Data provided:
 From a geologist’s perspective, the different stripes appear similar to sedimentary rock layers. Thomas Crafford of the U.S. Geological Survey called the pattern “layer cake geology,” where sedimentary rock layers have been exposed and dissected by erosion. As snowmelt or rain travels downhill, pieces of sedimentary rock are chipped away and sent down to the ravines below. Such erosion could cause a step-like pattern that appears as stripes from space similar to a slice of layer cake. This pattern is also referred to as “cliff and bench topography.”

==

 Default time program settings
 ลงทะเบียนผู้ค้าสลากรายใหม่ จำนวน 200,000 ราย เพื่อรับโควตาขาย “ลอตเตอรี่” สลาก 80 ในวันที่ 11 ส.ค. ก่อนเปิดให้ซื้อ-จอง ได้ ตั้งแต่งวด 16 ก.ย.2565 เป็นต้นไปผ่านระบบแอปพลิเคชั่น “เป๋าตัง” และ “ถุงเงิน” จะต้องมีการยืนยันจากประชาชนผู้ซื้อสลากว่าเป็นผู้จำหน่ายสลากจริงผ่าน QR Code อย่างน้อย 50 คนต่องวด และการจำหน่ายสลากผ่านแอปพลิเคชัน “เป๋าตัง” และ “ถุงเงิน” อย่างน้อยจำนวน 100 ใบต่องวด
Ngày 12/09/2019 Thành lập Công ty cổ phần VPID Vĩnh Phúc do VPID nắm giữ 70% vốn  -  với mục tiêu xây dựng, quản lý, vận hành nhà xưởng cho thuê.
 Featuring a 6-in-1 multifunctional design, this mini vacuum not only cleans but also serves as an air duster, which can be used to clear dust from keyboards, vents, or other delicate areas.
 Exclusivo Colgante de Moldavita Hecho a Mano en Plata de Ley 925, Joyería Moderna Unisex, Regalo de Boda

--

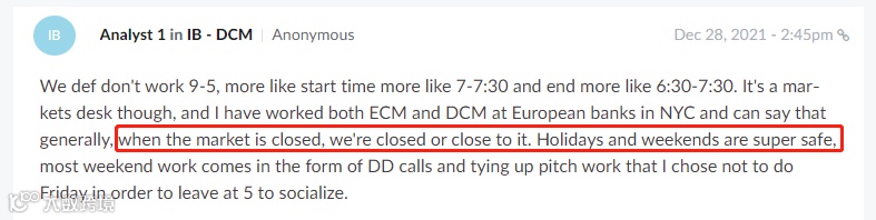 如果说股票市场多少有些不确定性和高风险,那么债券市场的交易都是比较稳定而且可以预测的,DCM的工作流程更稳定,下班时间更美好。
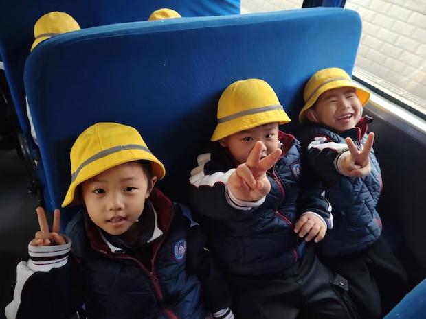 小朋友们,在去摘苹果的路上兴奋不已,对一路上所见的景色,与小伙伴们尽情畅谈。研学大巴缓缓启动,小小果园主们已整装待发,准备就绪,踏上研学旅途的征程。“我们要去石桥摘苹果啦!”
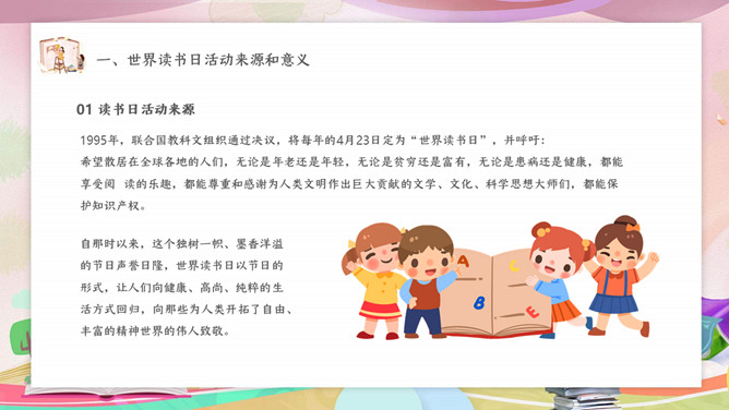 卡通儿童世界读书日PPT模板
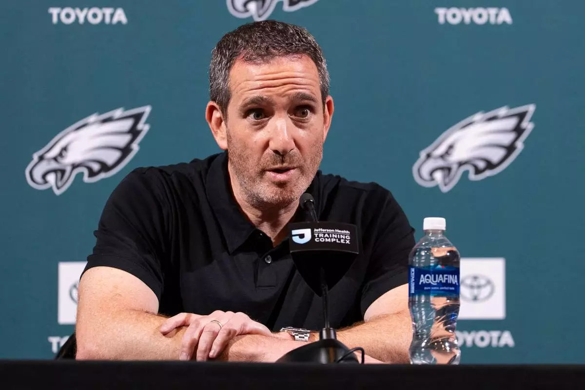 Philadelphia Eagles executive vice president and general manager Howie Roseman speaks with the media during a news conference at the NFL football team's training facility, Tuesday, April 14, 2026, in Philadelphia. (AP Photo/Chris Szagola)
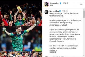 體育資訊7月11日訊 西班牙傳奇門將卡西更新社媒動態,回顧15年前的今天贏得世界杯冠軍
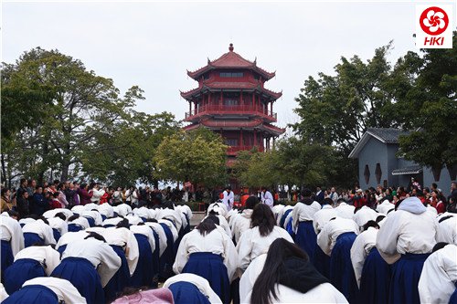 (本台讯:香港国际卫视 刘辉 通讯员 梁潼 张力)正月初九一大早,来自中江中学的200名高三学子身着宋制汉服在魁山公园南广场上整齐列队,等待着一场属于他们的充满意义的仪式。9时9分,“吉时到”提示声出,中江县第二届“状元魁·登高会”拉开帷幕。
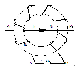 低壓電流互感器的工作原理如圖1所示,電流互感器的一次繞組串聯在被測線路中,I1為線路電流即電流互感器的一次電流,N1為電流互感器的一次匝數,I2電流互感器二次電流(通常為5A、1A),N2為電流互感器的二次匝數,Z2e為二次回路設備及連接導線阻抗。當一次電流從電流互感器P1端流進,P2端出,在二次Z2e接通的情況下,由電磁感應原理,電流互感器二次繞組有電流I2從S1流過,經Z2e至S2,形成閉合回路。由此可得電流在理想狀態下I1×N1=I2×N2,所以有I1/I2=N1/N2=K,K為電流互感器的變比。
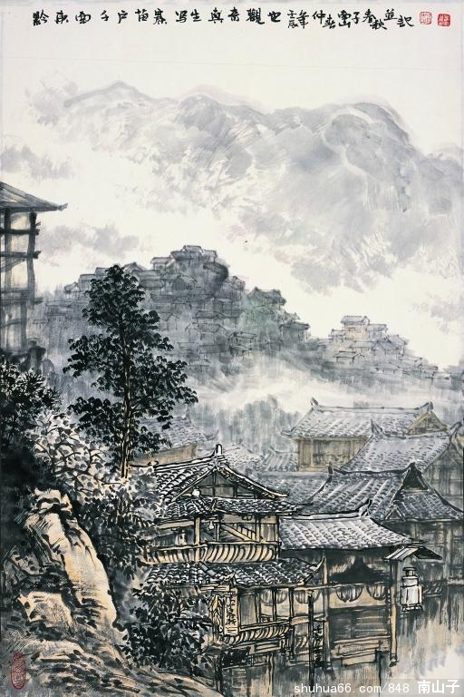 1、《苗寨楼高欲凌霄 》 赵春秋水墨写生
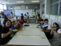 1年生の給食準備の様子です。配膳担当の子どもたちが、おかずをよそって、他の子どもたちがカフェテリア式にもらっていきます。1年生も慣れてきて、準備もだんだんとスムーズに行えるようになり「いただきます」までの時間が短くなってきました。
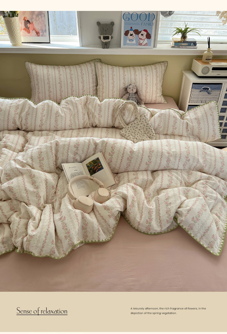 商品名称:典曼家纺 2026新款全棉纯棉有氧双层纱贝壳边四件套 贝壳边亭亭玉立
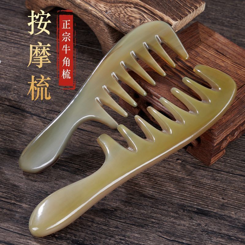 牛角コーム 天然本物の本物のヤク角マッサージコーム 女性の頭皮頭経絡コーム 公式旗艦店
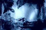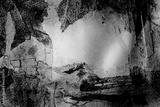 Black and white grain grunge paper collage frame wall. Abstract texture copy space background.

Required work: In the listing above, find the line with "ลงทะเบียนผู้ค้าสลากรายใหม่ จำนวน 200,000" and the line with "Exclusivo Colgante de". Output those two lines and every line between them, exactly as written.

Answer for this exercise:
 ลงทะเบียนผู้ค้าสลากรายใหม่ จำนวน 200,000 ราย เพื่อรับโควตาขาย “ลอตเตอรี่” สลาก 80 ในวันที่ 11 ส.ค. ก่อนเปิดให้ซื้อ-จอง ได้ ตั้งแต่งวด 16 ก.ย.2565 เป็นต้นไปผ่านระบบแอปพลิเคชั่น “เป๋าตัง” และ “ถุงเงิน” จะต้องมีการยืนยันจากประชาชนผู้ซื้อสลากว่าเป็นผู้จำหน่ายสลากจริงผ่าน QR Code อย่างน้อย 50 คนต่องวด และการจำหน่ายสลากผ่านแอปพลิเคชัน “เป๋าตัง” และ “ถุงเงิน” อย่างน้อยจำนวน 100 ใบต่องวด
Ngày 12/09/2019 Thành lập Công ty cổ phần VPID Vĩnh Phúc do VPID nắm giữ 70% vốn  -  với mục tiêu xây dựng, quản lý, vận hành nhà xưởng cho thuê.
 Featuring a 6-in-1 multifunctional design, this mini vacuum not only cleans but also serves as an air duster, which can be used to clear dust from keyboards, vents, or other delicate areas.
 Exclusivo Colgante de Moldavita Hecho a Mano en Plata de Ley 925, Joyería Moderna Unisex, Regalo de Boda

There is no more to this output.